26

我正在尝试比较没有任何标点符号、空格、重音符号等的名称。目前我正在执行以下操作:

-(NSString*) prepareString:(NSString*)a {
    //remove any accents and punctuation;
    a=[[[NSString alloc] initWithData:[a dataUsingEncoding:NSASCIIStringEncoding allowLossyConversion:YES] encoding:NSASCIIStringEncoding] autorelease];

    a=[a stringByReplacingOccurrencesOfString:@" " withString:@""];
    a=[a stringByReplacingOccurrencesOfString:@"'" withString:@""];
    a=[a stringByReplacingOccurrencesOfString:@"`" withString:@""];
    a=[a stringByReplacingOccurrencesOfString:@"-" withString:@""];
    a=[a stringByReplacingOccurrencesOfString:@"_" withString:@""];
    a=[a lowercaseString];
    return a;
}

但是,我需要为数百个字符串执行此操作,并且需要提高效率。有任何想法吗?

4

13 回答 13

81
NSString* finish = [[start componentsSeparatedByCharactersInSet:[[NSCharacterSet letterCharacterSet] invertedSet]] componentsJoinedByString:@""];
于 2009-08-05T08:54:40.117 回答
39

在使用任何这些解决方案之前,不要忘记使用decomposedStringWithCanonicalMapping分解任何重音字母。例如,这会将 é (U+00E9) 变成 e ‌́ (U+0065 U+0301)。然后,当您去除非字母数字字符时,将保留非重音字母。

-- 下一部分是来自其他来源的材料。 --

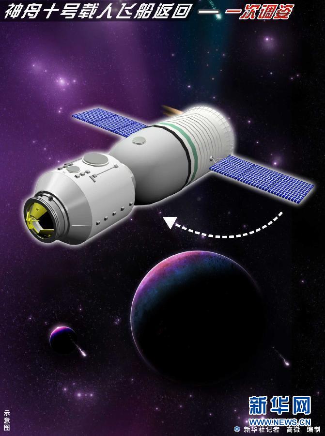 神舟十號(hào)載人飛船返回——調(diào)姿 新華社記者 高微 編制
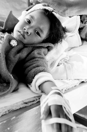 10月8日,一名孩子在景谷县第二人民医院救灾点接受医治。新华社发
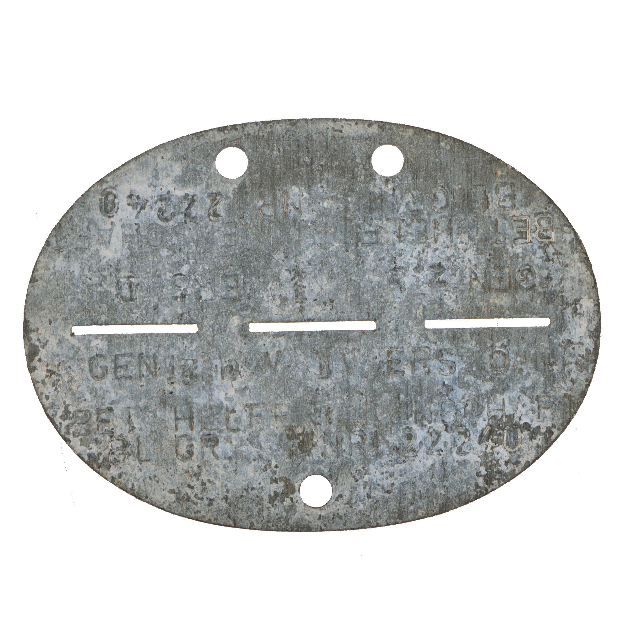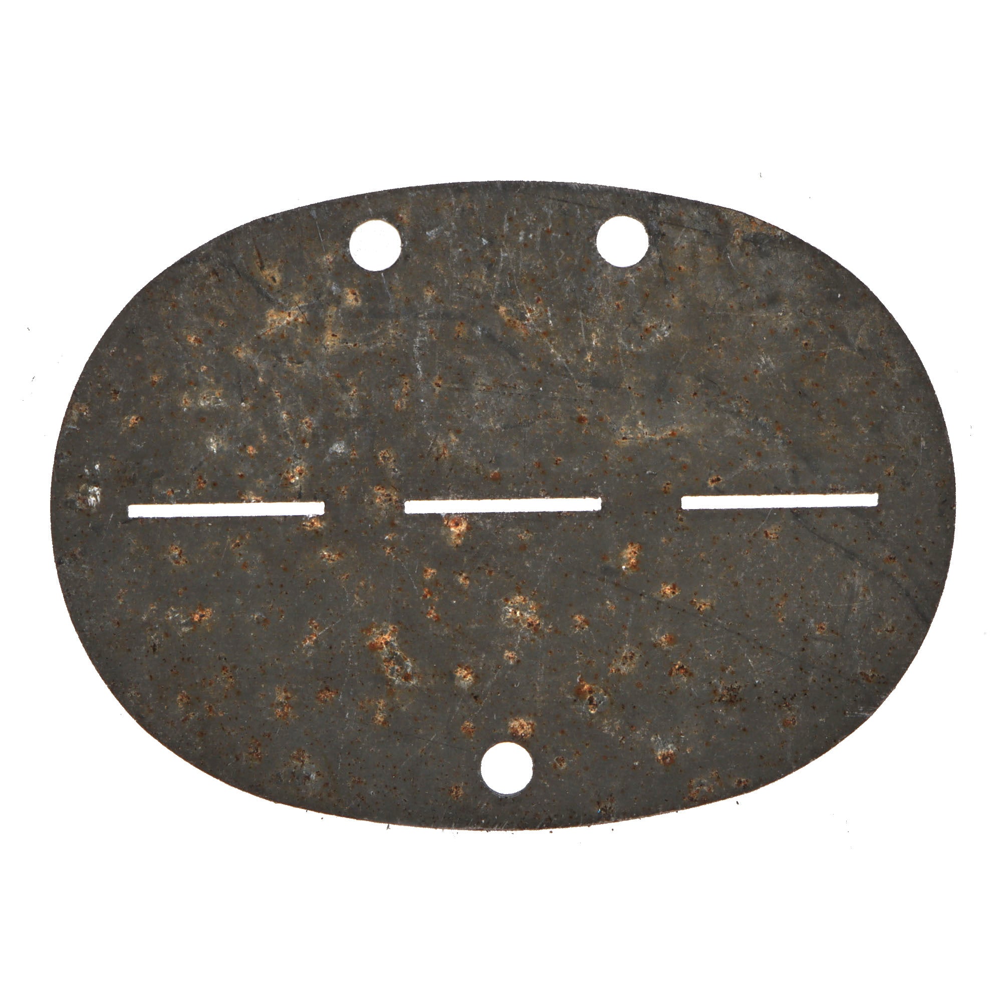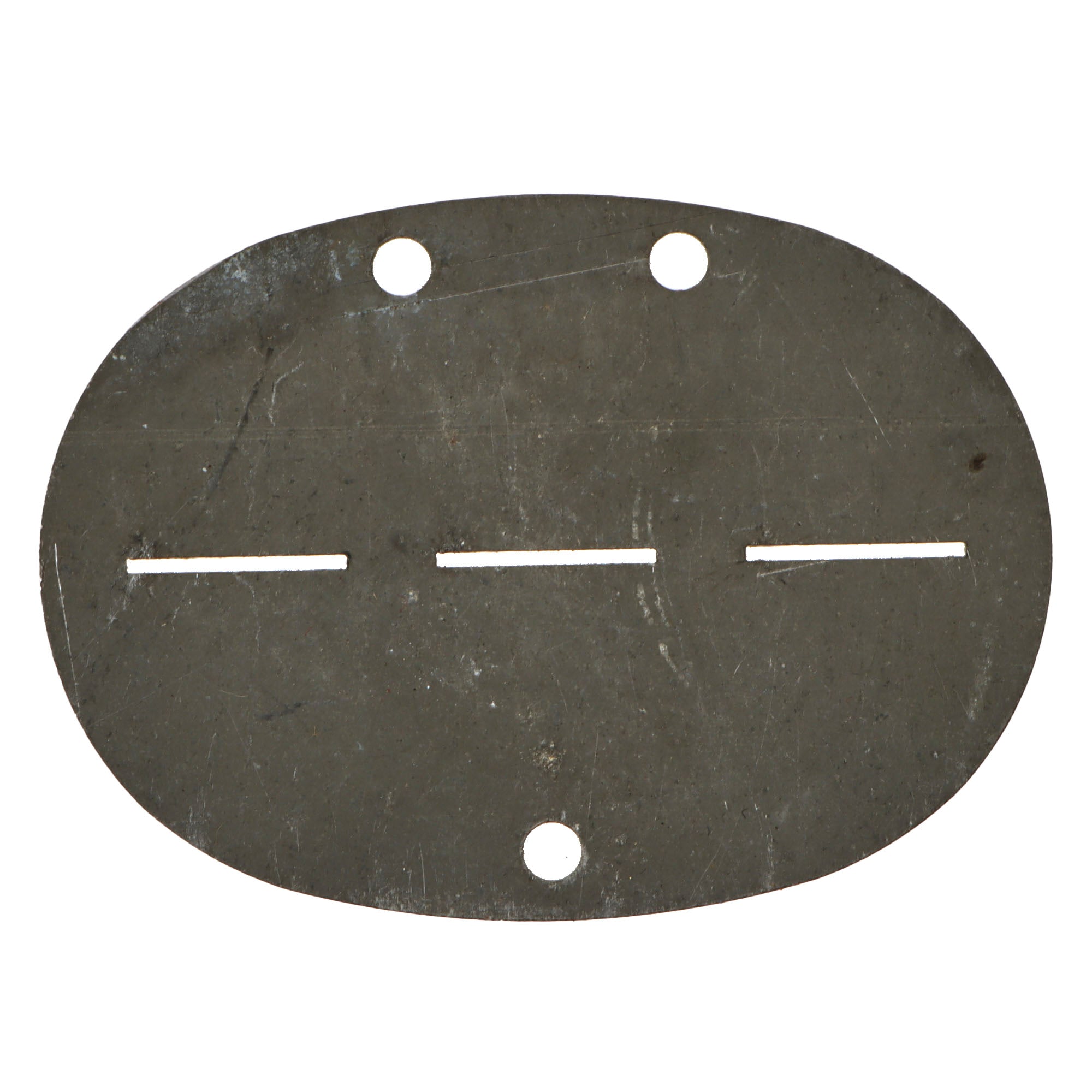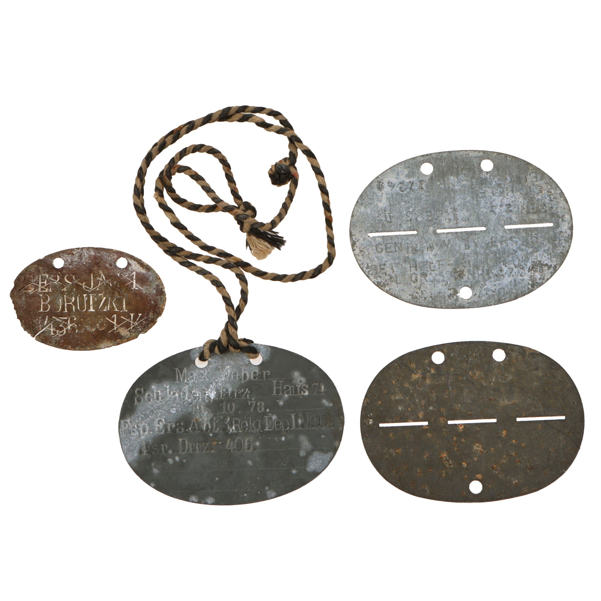 Original Items: Only One Lot of 4 Available. This is a wonderful opportunity to add (4) crucial items to a soldier's kit, the dog tag also known as an identity disc. All 4 are in good condition with their respective stamping/markings still identifiable on three of them, while the fourth is a blank example. No collection is complete without a few of these and they make for wonderful research projects!

这很重要的原因是您可能不希望“dän”和“dün”* 被视为相同。如果你去掉所有重音字母,就像这些解决方案中的一些可能做的那样,你最终会得到“dn”,所以这些字符串会比较相等。

所以,你应该先分解它们,这样你就可以去掉重音,留下字母。

*来自德语的示例。感谢 Joris Weimar 提供。

于 2009-08-05T15:46:14.710 回答
15

在类似的问题上,Ole Begemann 建议使用 stringByFoldingWithOptions:我相信这是最好的解决方案:

NSString *accentedString = @"ÁlgeBra";
NSString *unaccentedString = [accentedString stringByFoldingWithOptions:NSDiacriticInsensitiveSearch locale:[NSLocale currentLocale]];

根据您要转换的字符串的性质,您可能希望设置一个固定的语言环境(例如英语),而不是使用用户的当前语言环境。这样,您可以确保在每台机器上获得相同的结果。

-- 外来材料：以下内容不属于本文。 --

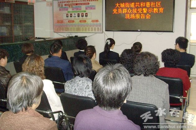 按照秦州區(qū)委及街道黨工委反腐倡廉“警示教育周”活動(dòng)的安排,4月22日上午,大城街道共和巷社區(qū)黨總支組織全體黨員干部和部分居民群眾百余人認(rèn)真觀看了警示教育片《小官大腐 》。
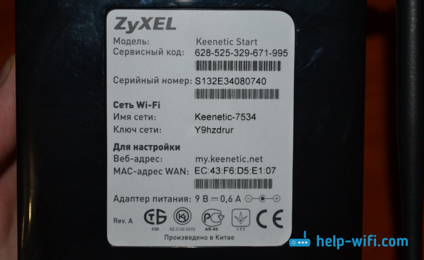 Ключ безопасности и другая информация на ZyXEL
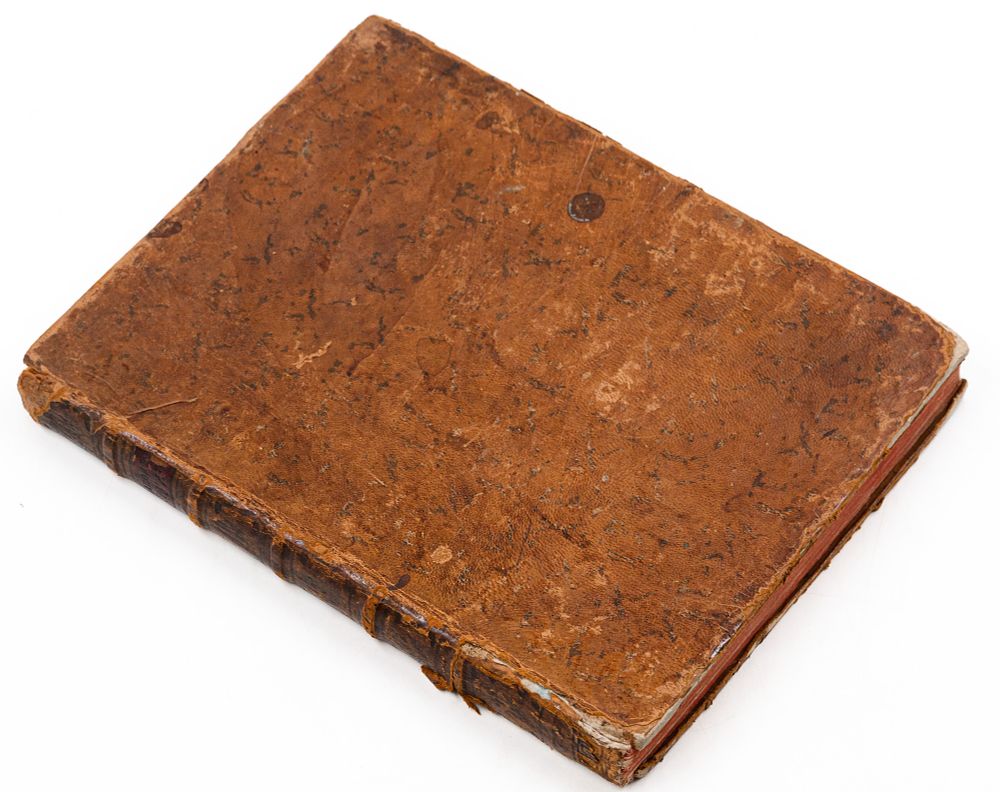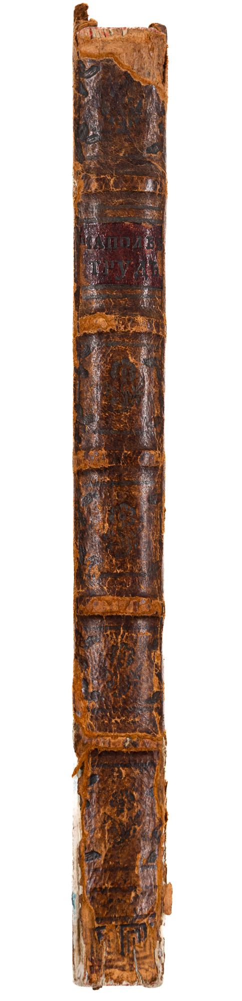 Сохранность – хорошая, потертости переплета, уголков и корешка, следы влаги на переплете, утрата фрагментов кожи переплета, уголков и корешка, трещина переплета нижней части корешка, надрыв тит. л. и утрата фрагмента нижнего поля без ущерба для текста, редкие фоксинги в блоке, пометы и шт. бук. маг. на обороте свободного листа нахзаца, след от наклейки на нахзаце.
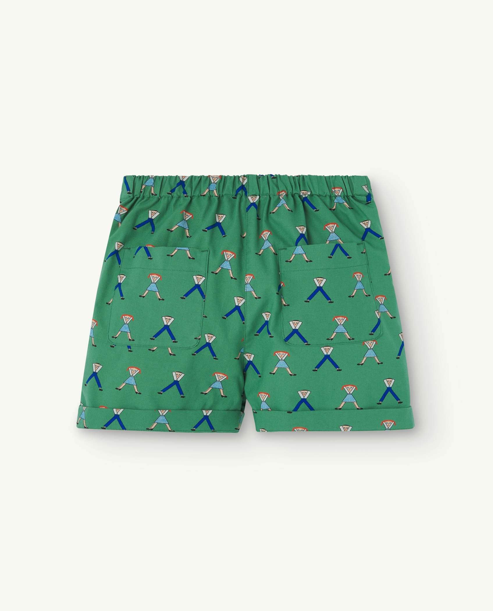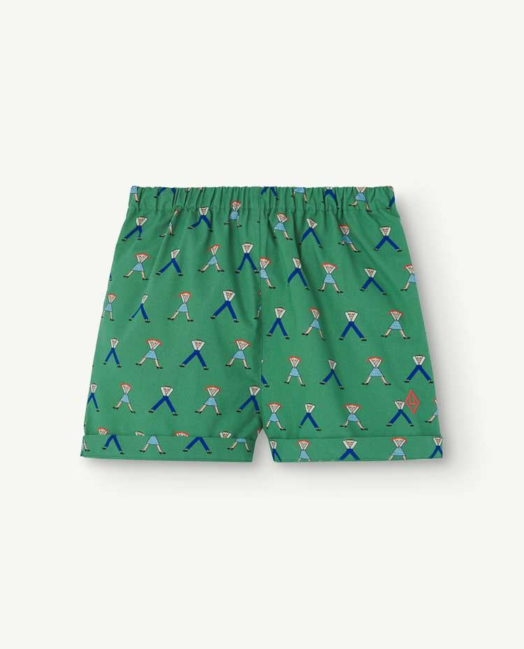 The Green Bee Shorts in a relaxed fit are one the freshest styles from this collection, and so they have a thin fabric, and they are 100% made of cotton. These short pants also feature two cute back pockets and an elastic waist, as well as The Animals Observatory symbol, and a patterned print of cartoonish characters. This is an exclusive style, only sold on this website.
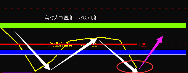 人气温度趋势:人气温度趋势线,-26度;昨天独倾还在讲,人气温度趋势线少一次二次探底,今天就给了!下周股市很容易反弹,看下图:

于 2013-12-04T03:37:21.970 回答
7

如果您尝试比较字符串,请使用这些方法之一。不要试图更改数据。

- (NSComparisonResult)localizedCompare:(NSString *)aString
- (NSComparisonResult)localizedCaseInsensitiveCompare:(NSString *)aString
- (NSComparisonResult)compare:(NSString *)aString options:(NSStringCompareOptions)mask range:(NSRange)range locale:(id)locale

您需要考虑用户区域设置才能使用字符串编写内容,尤其是名称之类的内容。在大多数语言中,像 ä 和 å 之类的字符除了看起来相似之外并不相同。它们本质上是不同的字符,其含义与其他字符不同,但实际规则和语义因每个语言环境而异。

比较和排序字符串的正确方法是考虑用户的语言环境。其他任何事情都是幼稚的,错误的,非常 1990 年代。别这样了。

如果您尝试将数据传递到不支持非 ASCII 的系统,那么这是错误的做法。将其作为数据 blob 传递。

https://developer.apple.com/library/ios/documentation/cocoa/Conceptual/Strings/Articles/SearchingStrings.html

加上首先规范化你的字符串(参见 Peter Hosey 的帖子)预组合或分解,基本上选择一个规范化的形式。

- (NSString *)decomposedStringWithCanonicalMapping
- (NSString *)decomposedStringWithCompatibilityMapping
- (NSString *)precomposedStringWithCanonicalMapping
- (NSString *)precomposedStringWithCompatibilityMapping

不,它并不像我们想象的那么简单和容易。是的,它需要知情和谨慎的决策。(以及一些非英语语言经验会有所帮助)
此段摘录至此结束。